TASK GOAL:
Working from the records below, repeat exactly the lines starting at the line that contains "网易云音乐在长文中指出,抄袭了网易云音乐 10 月" and ending at the line that contains "괴테하우스 지상층에는 복도와", inclusive.
*** Opening TASK INPUTS ***
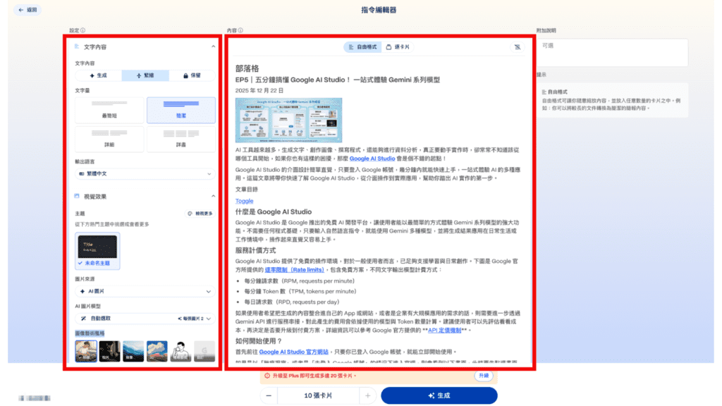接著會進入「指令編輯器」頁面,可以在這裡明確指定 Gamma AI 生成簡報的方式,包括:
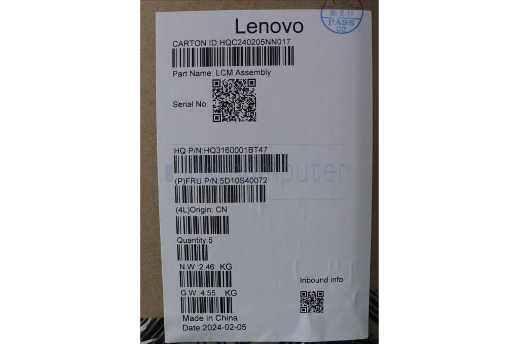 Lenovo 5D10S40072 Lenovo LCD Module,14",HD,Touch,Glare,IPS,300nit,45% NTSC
*** Closing TASK INPUTS ***
*** Opening TASK INPUTS ***
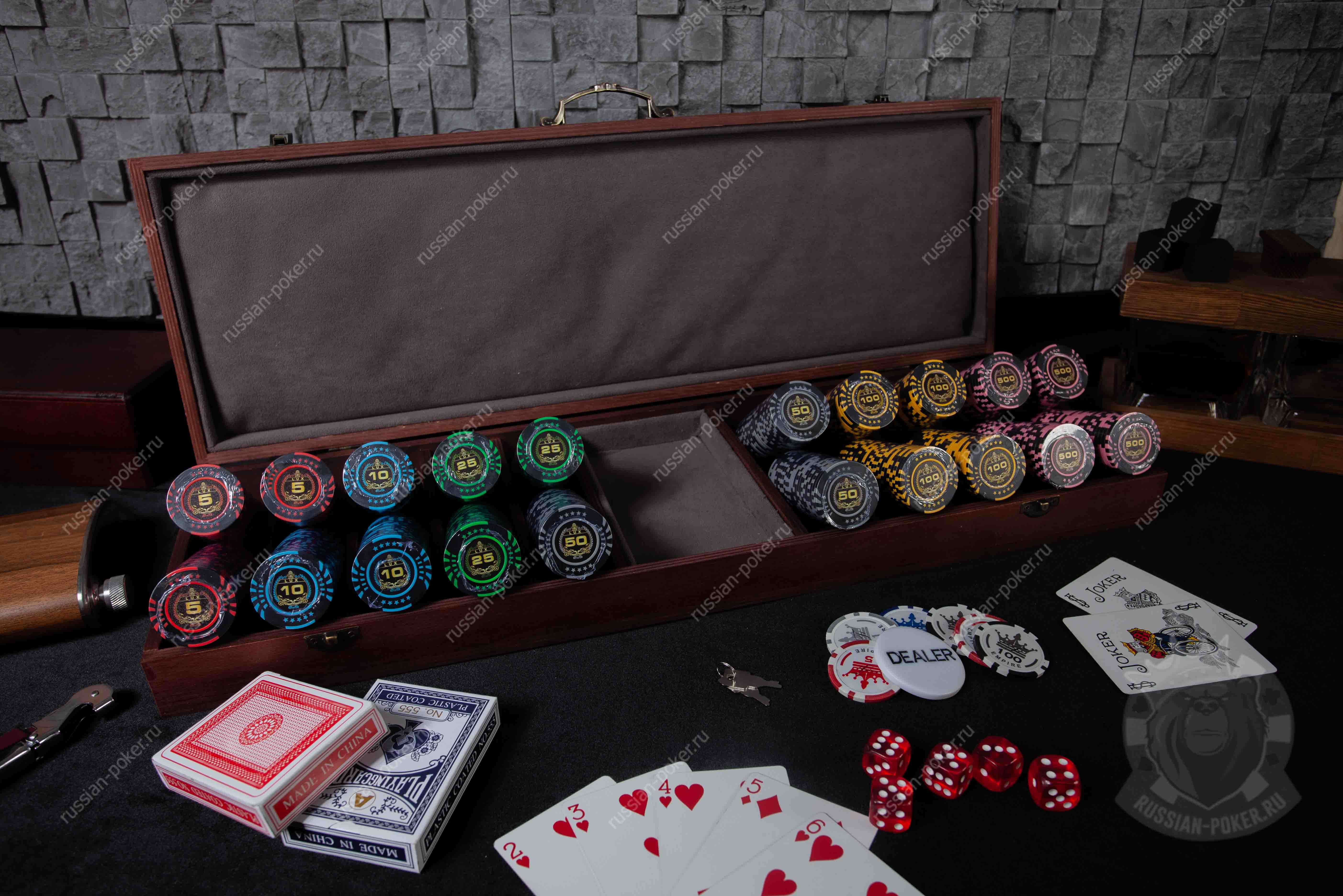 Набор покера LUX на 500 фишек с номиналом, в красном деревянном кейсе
*** Closing TASK INPUTS ***
*** Opening TASK INPUTS ***
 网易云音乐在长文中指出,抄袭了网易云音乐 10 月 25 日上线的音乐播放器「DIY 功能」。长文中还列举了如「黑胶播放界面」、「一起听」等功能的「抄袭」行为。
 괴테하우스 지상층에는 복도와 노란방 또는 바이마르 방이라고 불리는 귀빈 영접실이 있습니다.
*** Closing TASK INPUTS ***
TASK SOLUTION:
 网易云音乐在长文中指出,抄袭了网易云音乐 10 月 25 日上线的音乐播放器「DIY 功能」。长文中还列举了如「黑胶播放界面」、「一起听」等功能的「抄袭」行为。
 괴테하우스 지상층에는 복도와 노란방 또는 바이마르 방이라고 불리는 귀빈 영접실이 있습니다.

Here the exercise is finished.